Blog Post

Developing and Revising Your Organization’s Code of Conduct

Richard P. Kusserow | March 2019

The Code of Conduct (Code) should be a statement of an organization’s guiding principles and standards, and it must be revised and updated periodically. The Department of Health and Human Services (HHS) Office of Inspector General (OIG) provides several points that it believes should be included in an organization’s Code. As such, when an organization is developing or re-visiting its Code, it is worth reviewing the OIG’s guidance on the topic.
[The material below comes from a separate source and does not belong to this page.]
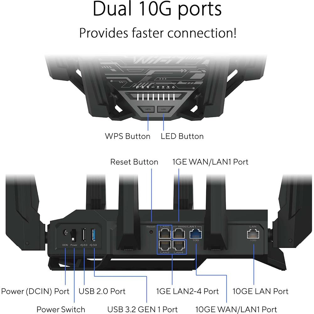 - ASUS RT-BE96U BE19000 802.11BE Tri-Band Performance WiFi 7 Extendable Router with 6GHz support, Dual 10G Port, 320Mhz, lifetime internet security , MLO, Multi-RU puncturing , AiMesh Support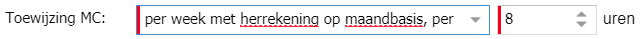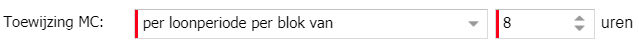| 'Per loonperiode per blok van' | Deze optie houdt rekening met het totaal aantal uren dat er gewerkt wordt binnen dezelfde loonperiode (dit kan per week of per maand zijn afhankelijk van het betaalsysteem dat wordt gebruikt voor de UZK'en). Dat totaal wordt dan gedeeld door het aantal uren dat ingegeven is in het profiel. Voorbeeld: In dit voorbeeld wordt het weektotaal gedeeld door 8. Stel dat er maar 4 dagen van 10u zijn gepresteerd door een UZK, zal hij toch 5 MC's ontvangen omdat hij 40u gewerkt heeft. Dit gedeeld door 8 = 5 MC's. |

14 Tips for Compliance Officers

The following are tips, considerations, and suggestions related to Code development or revision:

  1. Gain buy-in from the top. All Codes need buy-in and support from the top, beginning with personal involvement and support by the CEO and approval by the Board of Directors. They should provide input during the process of revising or drafting the Code, and ultimately approve the result.
  2. Determine responsibility for Code review and revision. Most Codes are developed and reviewed under the leadership of an organization’s Compliance Officer, in conjunction with key persons across the various operational areas.
  3. The Code will affect policy development. The Code should serve as the organization’s Constitution, outlining basic principles, policies, and standards for the organization to apply universally. The organization’s policies should be consistent with the Code, just as laws and regulations must be consistent with the Constitution.  Accordingly, the Code should anchor and influence the development of the organization’s compliance policies.
  4. Form a committee to assist in Code development/revision.  It is important to gain wide buy-in for the Code. Therefore, organizations should form a committee consisting of individuals across various operational areas to develop, revise, and approve the Code. Support from a cross section of leaders will go a long way in selling the Code to the entire workforce.
  5. Develop a plan. An organization should set and follow a plan outlining specific time frames and individuals responsible for Code development and revision tasks.
  6. Consider using experts to facilitate the process. A health care compliance expert can facilitate, guide, and simplify Code development or revision. Experts can direct attention to key concepts that the organization’s Code must include. Another advantage to hiring an outside expert is that they can operate independently and help avoid “turf” issues that sometimes weigh down the Code development and update process.
  7. Decide upon size. Generally, Codes should be about 20 pages or less.
  8. Establishing form and format. The best practice is to have each section in the Code begin with an introductory statement or guiding principle, followed by bullet point standards in furtherance of that statement.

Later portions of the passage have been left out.